Wednesday, November 11, 2009

Compassionate Companion

A colleague loaned me three CD's of concepts used at Zen Hospice in San Francisco, called "Being a Compassionate Companion:Teachings, stories and practical wisdom for those accompanying someone who is dying - An intimate conversation with Frank Ostaseski".

The series, dedicated to compassionate companionship, comes into play, for me, particularly during death events. The practices, reminders, and stories originate from ZHP's founder's Frank Ostaseski's 20 years of experience being with death and dying. The topics offer support in preparing for death, serving the dying, and grieving.

I love that their stated core activity is "bearing witness," as expressed in their slogan, "Stay close, do nothing."

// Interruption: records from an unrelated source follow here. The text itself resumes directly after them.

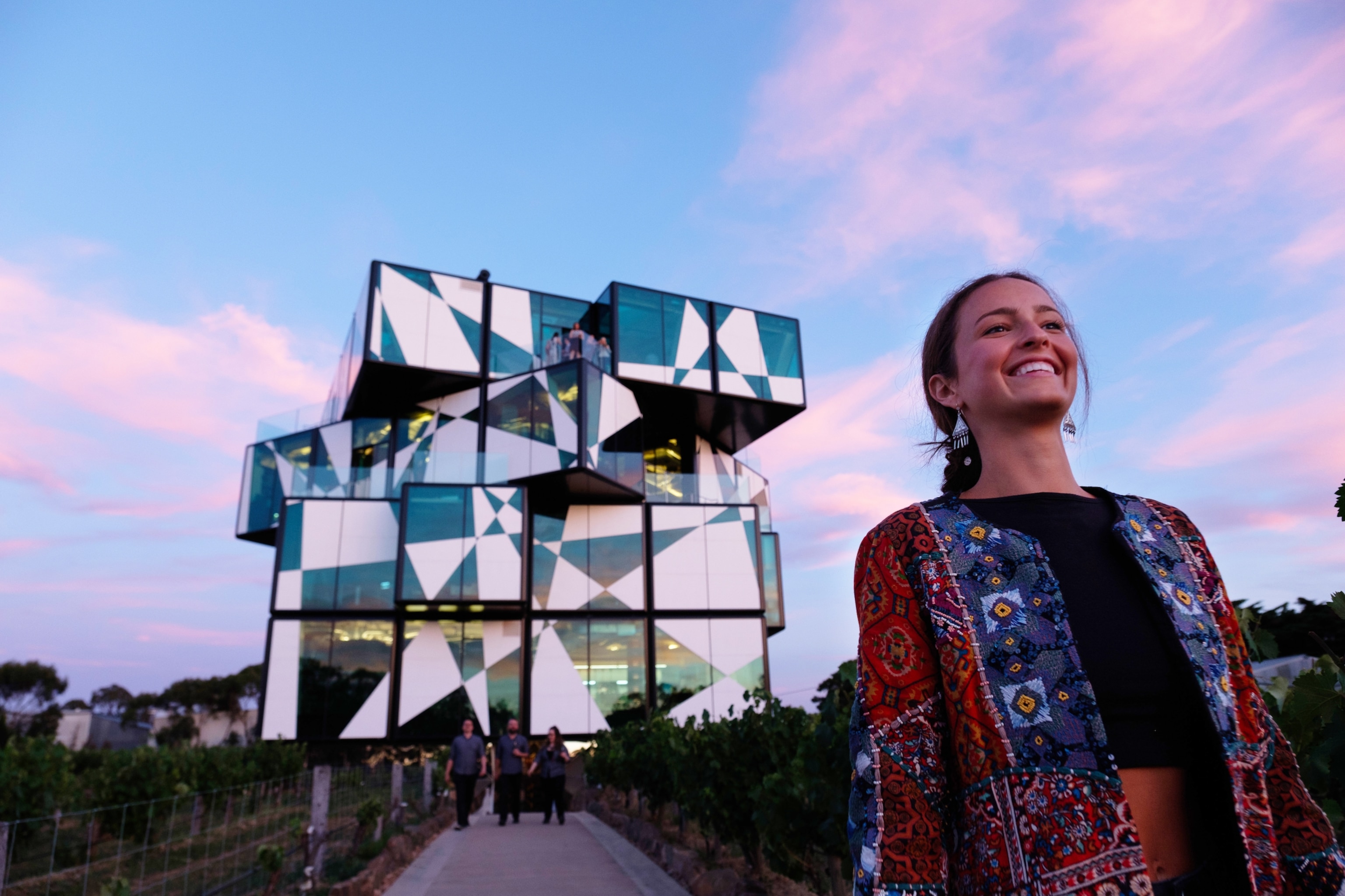 Heading down into the Fleurieu Peninsula, less than an hour’s drive from Adelaide, Dan soon found himself in the lovely McLaren Vale, one of the country’s top wine regions. McLaren Vale surrounded by rolling hills on one side and beautiful beaches on the other, includes a number of unique vineyards such as D’Arenberg. The vineyard had just opened its new cellar door, known as “The Cube”, which looks something like a giant glass Rubik’s cube. The vineyard, a fourth-generation family operation, dates back to 1912. The Cube and its fevered contemporary art are the product of a dream by its chief winemaker, Chester Osborn. Inside, guests will experience an inhalation room, a virtual fermenter, and an “alternate realities museum.” “You could tell right away that this is going to be the centerpiece of this whole wine region,” Dan predicted. D’Arenberg features 60 wines and an award-winning restaurant in an enclosed verandah that provides magnificent views of the valley and vineyards.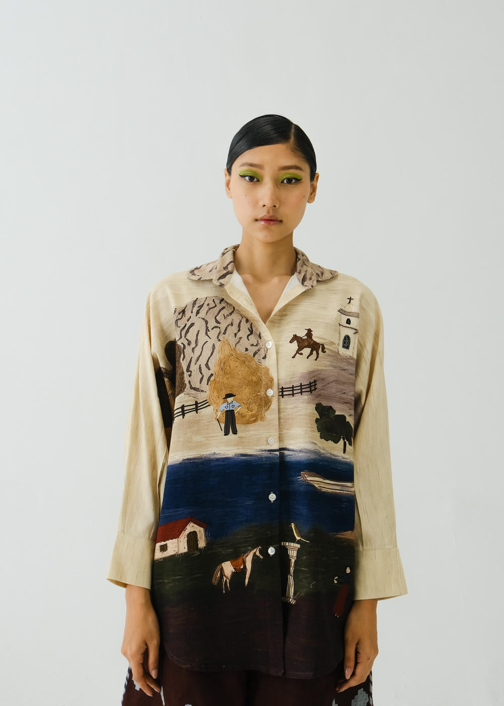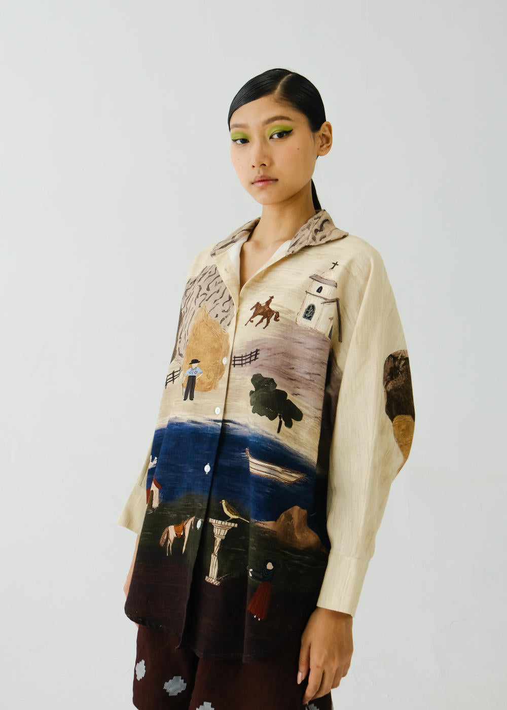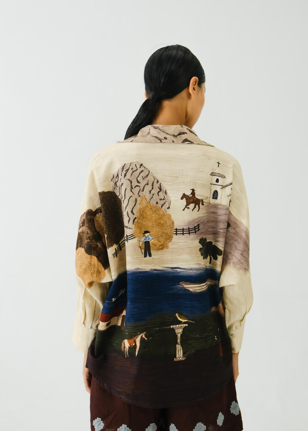 CORD blurs the line between art and attire in a way few labels dare to. Here, fabrics become canvases; illustrations—drawn by hand, steeped in imagination—flow across silhouettes that feel sculptural yet deeply wearable. Each piece has a texture of memory to it, as if it carries echoes of a past life, now reframed for a contemporary world.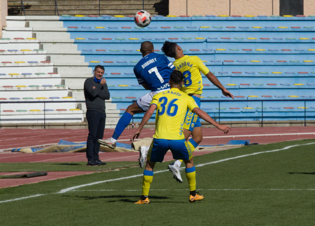 La respuesta no tardó en llegar por parte de los azulinos y Lolo González, tras un rechace a disparo de Hugo Rodríguez, pudo hacer el primero de la mañana en el Estadio Iberoamericano 2010, pero su testarazo se marchaba desviado de la portería grancanaria.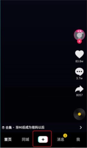 1、运行抖音软件,点击首页中的“+”标志,进入视频录制界面;

The approach at ZHP is a process that Ostaseki describes as, "a mutually beneficial relationship between caregivers and people who are dying." Both parties listen to death, and learn together. A notion that has deeply impacted my pastoral care is the mutuality aspect of service, which differs from usual notions of charity and help.

I quote Ostaseki here:

"Service-a very different experience than charity-recognizes wholeness: there is no 'helper' and no 'helped.' Something bigger is happening in service than the two individuals involved. Mindfulness practice helps to transform generosity from a charitable 'I and other' expression to one of service, where we recognize that we're both in the soup together. I understand that in order to work with someone else who is dying, I have to do a kind of individual exploration. I have to look at my own relationship to sickness, old age and death. While I'm working with someone, I'm also investigating my own fear, my own grief. In Buddhism, we recognize that someone else's suffering is also my suffering. So when I take care of myself, I care for others; and when I care for others, I am taking care of myself."

The 18-minute meditation at the end of the first CD ("Preparation") allows a contemplative reflection of the five precepts of a compassionate companion. I have found it so meaningful that I carry around the short list of precepts to which I refer during my visits.

1. Welcome everything; push away nothing. No clinging, no aversion.
2. Bring your whole self to the experience. Moments of sensation: seeing, hearing, tasting, touching, feeling, thinking.
3. Don't wait. Be present for this moment, letting go of any expectation.
4. Find a place of rest in the middle of things, cultivating kindness and ease. No need to interfere with what's arising.
5. Cultivate a "don't know" mind, opening moment to moment, without preconception or resistance, letting the mind and the body be open and receptive.

At four minutes remaining, he whispers very intimately, "just rest."

That's all. Just rest.

My soul finds rest in God alone; my salvation comes from him. He alone is my rock and my salvation; he is my fortress, I will never be shaken. (Psalm 62:1-2)

For whom are you a compassionate companion in this moment?